Recently I had the pleasure of being interviewed for Issue 3 of AHF Magazine (Alternate History Fiction).

An excerpt from interview appears below. The full interview appears on the AHF website. You can get a copy of the AHF magazine here.


How long have you been writing?

I was seven when I used my parents’ electric typewriter to write a two-page portal fantasy involving a magic mirror. In college, I wrote a hideously stereotypical play about a gay painter, I started a novel about a rhinoceros prince who doesn’t want to inherit the throne, and I wrote many, many poems. There was a decade-long hiatus until 2013 when I started writing what became the Resonant Earth series.

What is the earliest work of yours that you have published or intend to publish?

There’s a poem called “Modern Love” still lurking on the Internet that was published in 1999 back when web search was new, before smartphones and social media. Literary magazines associated with San Francisco State University published several of my poems. At some point, I may revisit the rhinoceros prince story.

Who were the earliest authors to be an inspiration for your writing?

Lewis Carroll, C.S. Lewis, J.R.R. Tolkien, Marion Zimmer Bradley, and Anne McCaffrey were all early favorites. In my teens, I couldn’t get enough of Stephen King, Clive Barker, as well as the “golden age of sci-fi” canon, including Isaac Asimov, E. E. “Doc” Smith, and Arthur C. Clarke.

Which other authors do you consider to be an inspiration and for what reason?
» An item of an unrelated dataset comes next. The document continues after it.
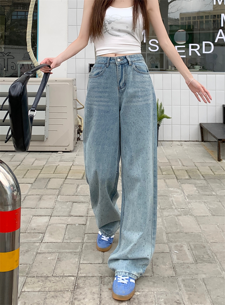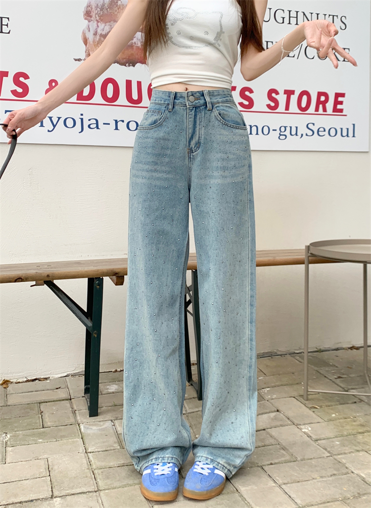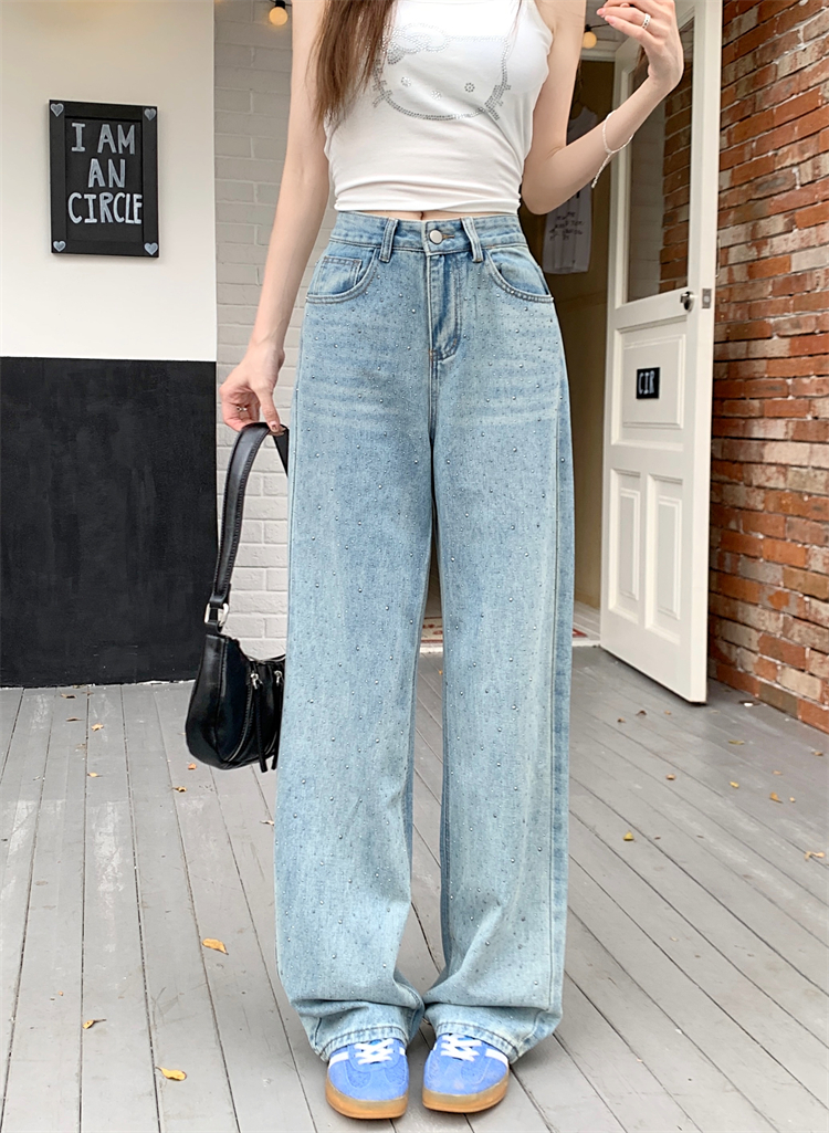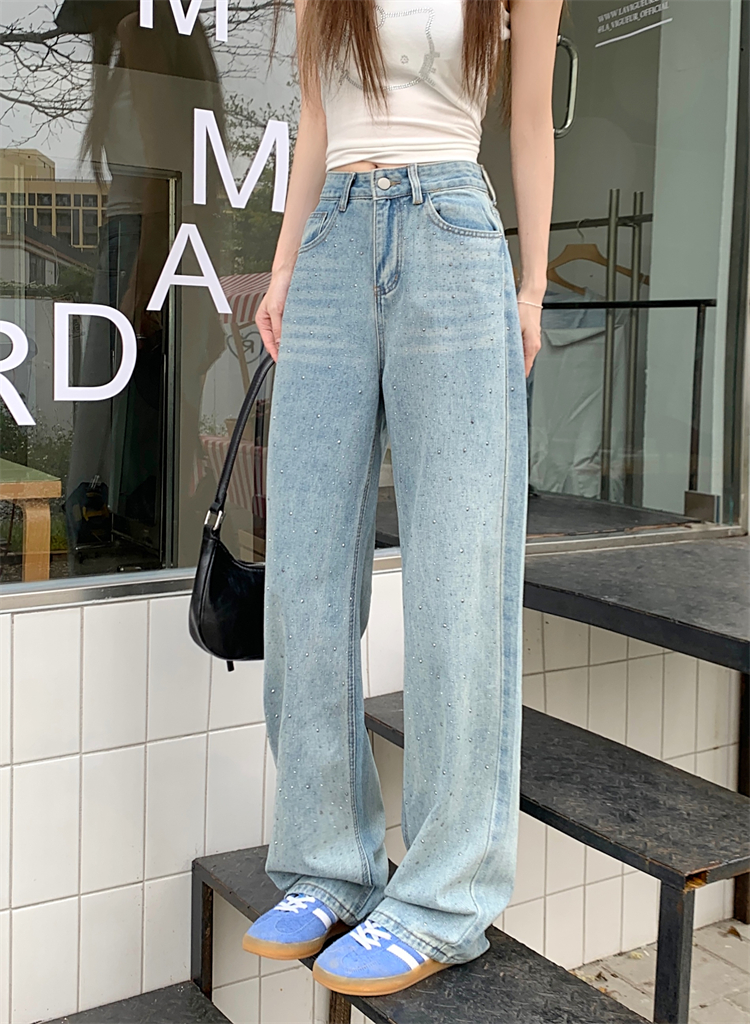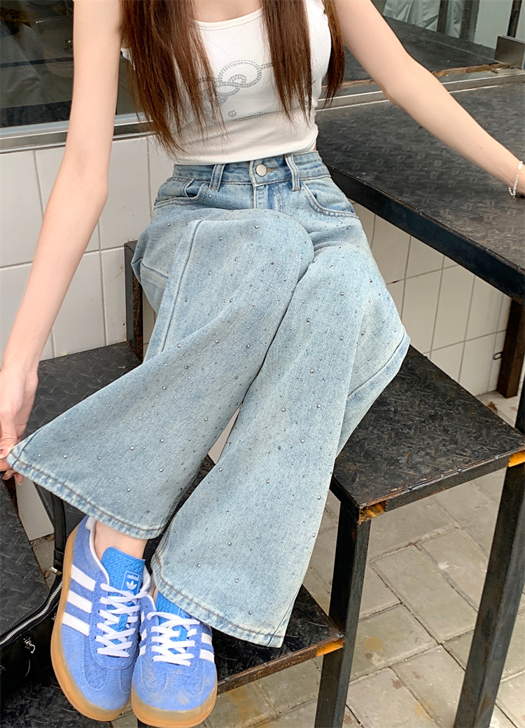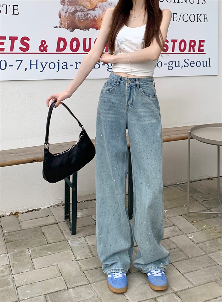 실사 빅 사이즈 여성 의류 Gypsophila 핫픽스 고급 디자인 센스 스트레이트 청바지 개성 슬림해 보이는 레트로 와이드 레그 팬츠

Kim Stanley Robinson shapes exquisitely detailed worlds and populates them with characters that aren’t cardboard cutouts; they feel real, mysterious, and complicated like real people. Each of his books has had a lasting effect on me. Because of his works, I’m not content to write a cookie-cutter, paint-by-numbers kind of story. It has to challenge me and it has to challenge the reader, while still being enjoyable.

Are you inspired by any landscapes or buildings, or even towns and cities?

I spend a lot of time imagining and thinking about the built environment my characters inhabit and how they experience the natural world. I went so far as to create simulated cities of the major locales; some even made their way into the books as prefatory maps.

This map blends a USGS topology file, a screencap from Cities: Skylines (a city simulator), and original artwork and typesetting.

Which was the first book you published and why?

Writing Broken Mirror helped me grapple with the tragedies of how mental illness and addiction play out in our society. My cousin suffered from schizophrenia and died in an institution. So many people I went to school with saw their lives cut short or wasted. I wanted to uncover my own feelings and beliefs, especially a sort of countervailing thread about the medicalization of neurodiversity, through the course of the novel.